Cookbook Review: Momofuku Milk Bar

Ain't nothing simple in Christina Tosi's cookbook

Cookbook Review: Momofuku Milk Bar

I avoid restaurant cookbooks because I’m not the target audience and because I firmly believe that restaurant food and home-cooked food should never mix. The Momofuku Milk Bar cookbook is a perfect example of why I hold these beliefs.

I had high hopes for this cookbook after sampling a compost cookie during Christina Tosi's panel at SXSW; I've had good luck with the cookbooks from another beloved Brooklyn bakery and besides, how hard could it be to make a cookie with coffee, chocolate and butterscotch chips, and potato chips in it? Everybody loves a chocolate chip cookie, and the nostalgia factor is appealing.
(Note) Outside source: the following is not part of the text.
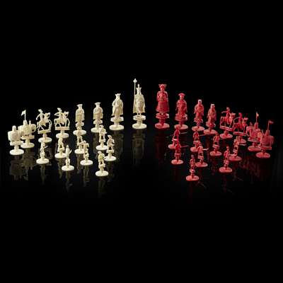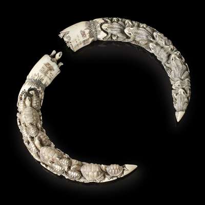 PAIR OF CARVED HIPPOPOTAMUS TEETH FOR THE JAPANESE MARKET

Turns out, it’s a massive pain. In fact, I didn’t even make the compost cookies because I was so exhausted after making the cereal milk (the simplest recipe in the book), cornflake crunch, cornflake chocolate chip marshmallow cookies, and crack pie that I couldn’t muster the energy to jump through anymore culinary hoops in service to this cookbook.

Here’s why this cookbook is not for the home cook:
1. The ingredients are expensive and difficult to obtain. Raise your hand if you have glucose, gelatin, and corn powder on hand or know where to get it. (Sure, you could order the ingredients online, but that’s not super helpful if you have a hankering to make a cool pie and then have to wait a week for the UPS guy to show up with your supplies). What’s more, I spent $30 on ingredients for the recipes I named above. Cookies and pie shouldn’t cost $30.
2. The recipes haven’t been tested for home kitchens. Cook times are waaaaay off (the Crack Pie recipe claims a 20-minute cooking time, but in my oven it took nearly 40 minutes and it still wasn’t set when I yanked it for fear of burning). The cook time for the cornflake cookies is allegedly 18 minutes, but at 16 minutes, I had melted, burnt Frisbees. A second tray fared better at a more conservative 12 minutes, but if you look at the reviews, you’ll see that I’m not in the minority in my extremely frustrating experience. (You can see photographic evidence of my travails with this recipe here.)
3. It’s way too fussy. Don’t be fooled by the presence of Fruity Pebbles and Ritz crackers in this cookbook; it may be super playful and adorably nostalgic and toy with the conventions of classical cooking, but when I want to make a pie, I just want to make a damn pie. I don’t want to have to make a giant oatmeal cookie, then crumble it up and process it with other ingredients in order to get to a pie crust. I am a busy working mom who doesn’t have the unlimited reservoir of time, energy, and patience required to make a “mother” ingredient (like cereal milk or cornflake crunch or sprinkled birthday cake crumb) for my desired recipe.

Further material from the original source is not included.